Ridge regression adds an L2 penalty term:

$$\text{Loss} = \text{MSE} + \alpha \sum_{j=1}^{p} w_j^2$$

where $\alpha$ is the regularization strength.

**Characteristics:**
- Shrinks all coefficients towards zero
- Does not set coefficients exactly to zero
- Good when all features are potentially relevant

In [None]:
# Define parameter grid for Ridge
param_grid_ridge = {
    'alpha': [0.001, 0.01, 0.1, 1, 10, 100, 1000]
}

# Initialize Ridge model
ridge_model = Ridge()

# GridSearchCV for hyperparameter tuning
grid_search_ridge = GridSearchCV(
    estimator=ridge_model,
    param_grid=param_grid_ridge,
    cv=5,  # 5-fold cross-validation
    scoring='neg_mean_squared_error',
    n_jobs=-1,
    verbose=1
)

print("Training Ridge Regression with GridSearchCV...")
grid_search_ridge.fit(X_train_scaled, y_train)

print("\n" + "=" * 60)
print("RIDGE REGRESSION - Hyperparameter Tuning Results")
print("=" * 60)
print(f"Best alpha: {grid_search_ridge.best_params_['alpha']}")
print(f"Best CV MSE: {-grid_search_ridge.best_score_:.4f}")

### Lasso Regression (L1 Regularization)

Lasso regression adds an L1 penalty term:

$$\text{Loss} = \text{MSE} + \alpha \sum_{j=1}^{p} |w_j|$$

**Characteristics:**
- Can set some coefficients exactly to zero
- Performs feature selection automatically
- Good when only a subset of features is relevant

In [None]:
# Define parameter grid for Lasso
param_grid_lasso = {
    'alpha': [0.001, 0.01, 0.1, 1, 10, 100]
}

# Initialize Lasso model
lasso_model = Lasso(max_iter=10000)

# GridSearchCV for hyperparameter tuning
grid_search_lasso = GridSearchCV(
    estimator=lasso_model,
    param_grid=param_grid_lasso,
    cv=5,
    scoring='neg_mean_squared_error',
    n_jobs=-1,
    verbose=1
)

print("Training Lasso Regression with GridSearchCV...")
grid_search_lasso.fit(X_train_scaled, y_train)

print("\n" + "=" * 60)
print("LASSO REGRESSION - Hyperparameter Tuning Results")
print("=" * 60)
print(f"Best alpha: {grid_search_lasso.best_params_['alpha']}")
print(f"Best CV MSE: {-grid_search_lasso.best_score_:.4f}")

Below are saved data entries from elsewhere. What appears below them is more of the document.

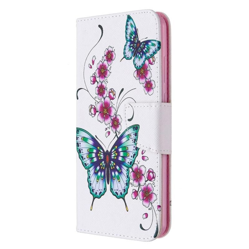 Θήκη Huawei Y6P με έγχρωμα σχέδια, οριζόντια αναδιπλούμενη από δέρμα με βάση στήριξης & θήκες για κάρτες & πορτοφόλι (Πεταλούδες)
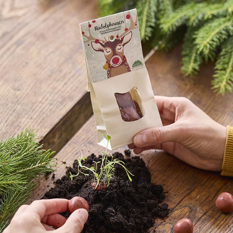 Die roten Blumenmurmeln leuchten rot wie die Nase des berühmten Rentiers. Sie sorgen schon an Weihnachten für Vorfreude auf die nächste Gartensaison. Die Rudolphnasen enthalten 19 verschiedene Sorten von Wildblumensaatgut und sorgen für eine bunte Blumenwiese im Garten. So geht’s: Für blühende Ergebnisse wirf die Samenbomben auf lockere Erde und drücke sie leicht an (nicht einbuddeln). Halte sie besonders am Anfang immer schön feucht.
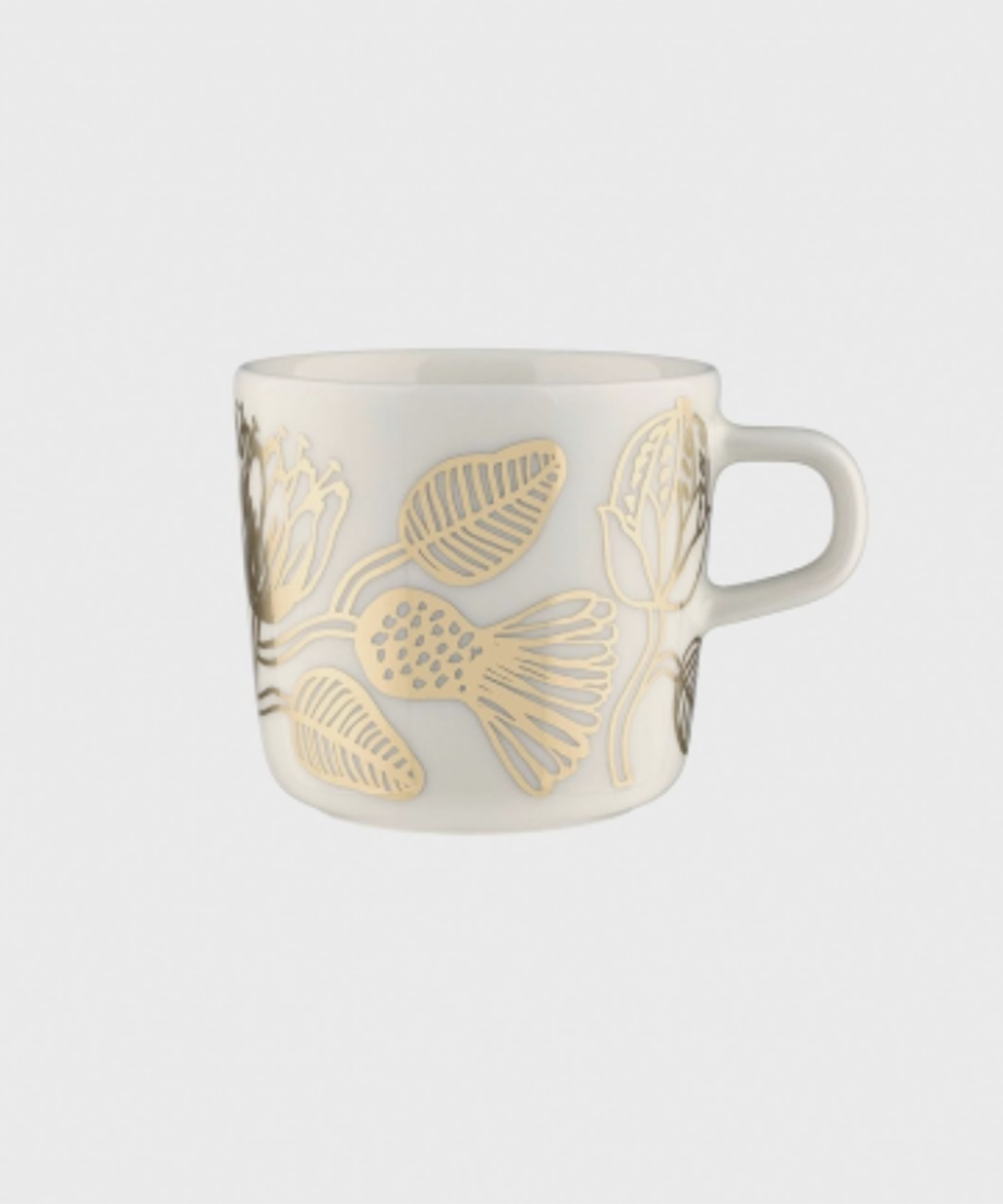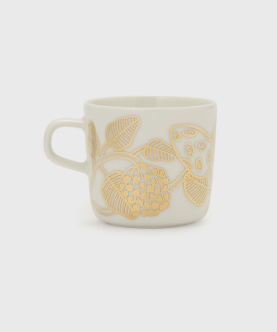 様々な植物や花々がぐるりと描かれたTiara柄が印象的な、200mlのコーヒーカップ。美しいゴールドメタリックの顔料による華やかでエレガントなカラーが、テーブルに上質なアクセントを添えます。少し高めの位置に付いた小ぶりの持ち手が、漂うモダンな雰囲気と使いやすさを両立。
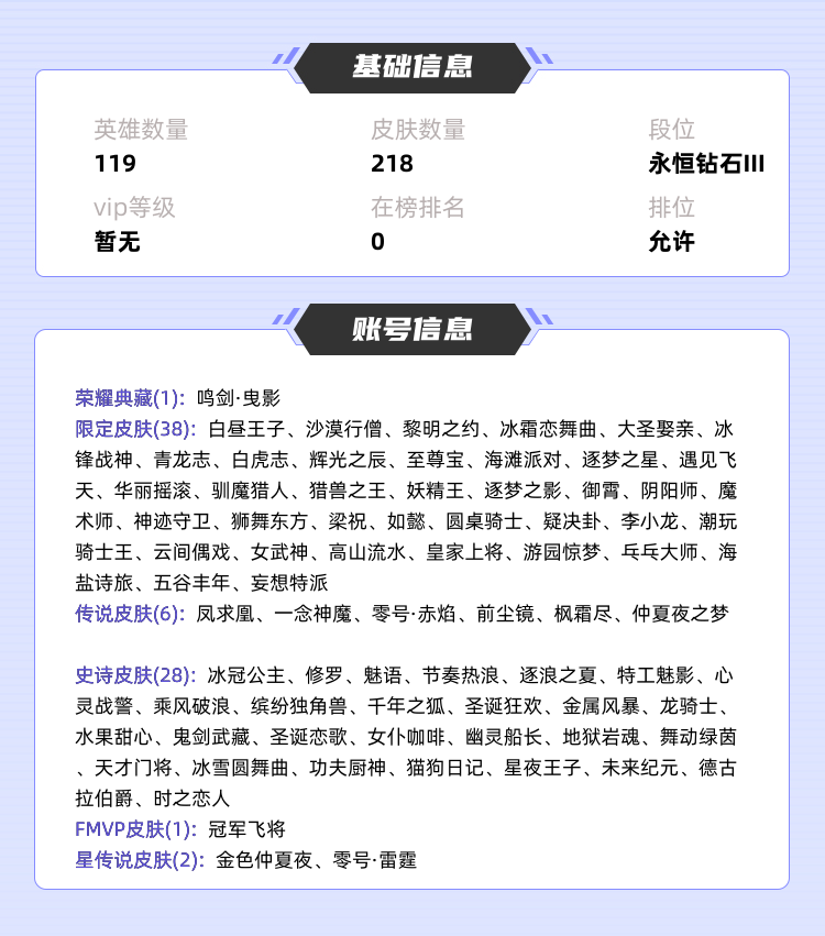 本游戏账号: ,英雄多,皮肤多。典藏皮肤1个,感受典藏皮肤带来的优质体验快感,FMVP皮肤1个,尽情享受FMVP皮肤带来的主角光环, 私人所属英雄皮肤有:李白 鸣剑·曳影李信 一念神魔||李白 凤求凰||孙悟空 零号·赤焰||娜可露露 前尘镜||貂蝉 仲夏夜之梦||橘右京 枫霜尽花木兰 冠军飞将鲁班大师 乓乓大师||达摩 沙漠行僧||关羽 冰锋战神||杨玉环 遇见飞天||上官婉儿 梁祝||孙悟空 至尊宝||孙悟空 大圣娶亲||鬼谷子 五谷丰年||李元芳 妄想特派||安琪拉 如懿||庄周 高山流水||明世隐 疑决卦||桑启 海盐诗旅||太乙真人 华丽摇滚||韩信 逐梦之影||嬴政 白昼王子||狄仁杰 魔术师||狄仁杰 阴阳师||后羿 辉光之辰||百里玄策 白虎志||米莱狄 御霄||元歌 云间偶戏||项羽 海滩派对||赵云 皇家上将||鲁班七号 狮舞东方||干将莫邪 冰霜恋舞曲||甄姬 游园惊梦||艾琳 女武神||盾山 圆桌骑士||裴擒虎 李小龙||铠 青龙志||雅典娜 黎明之约||
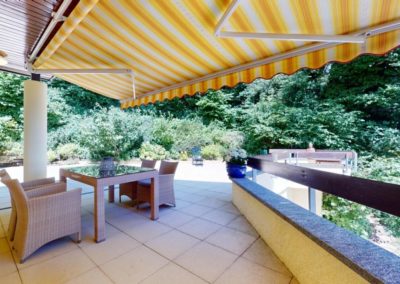 Belle terrasse de 150m2 afin de profiter des longues soirées d'été et balcons supplémentaires desservant chaque chambre à l'étage.

### Evaluating Best Models on Test Set

In [None]:
# Get best models
best_ridge = grid_search_ridge.best_estimator_
best_lasso = grid_search_lasso.best_estimator_

# Predictions
y_train_pred_ridge = best_ridge.predict(X_train_scaled)
y_test_pred_ridge = best_ridge.predict(X_test_scaled)

y_train_pred_lasso = best_lasso.predict(X_train_scaled)
y_test_pred_lasso = best_lasso.predict(X_test_scaled)

# Calculate MSE
train_mse_ridge = mean_squared_error(y_train, y_train_pred_ridge)
test_mse_ridge = mean_squared_error(y_test, y_test_pred_ridge)

train_mse_lasso = mean_squared_error(y_train, y_train_pred_lasso)
test_mse_lasso = mean_squared_error(y_test, y_test_pred_lasso)

print("\n" + "=" * 60)
print("MODEL PERFORMANCE COMPARISON")
print("=" * 60)
print(f"\n{'Model':<20} {'Train MSE':<15} {'Test MSE':<15}")
print("-" * 50)
print(f"{'Baseline':<20} {train_mse_baseline:<15.4f} {test_mse_baseline:<15.4f}")
print(f"{'Ridge':<20} {train_mse_ridge:<15.4f} {test_mse_ridge:<15.4f}")
print(f"{'Lasso':<20} {train_mse_lasso:<15.4f} {test_mse_lasso:<15.4f}")

---
## Task 2: Step 3 - Regularization Experiments (L1 vs L2)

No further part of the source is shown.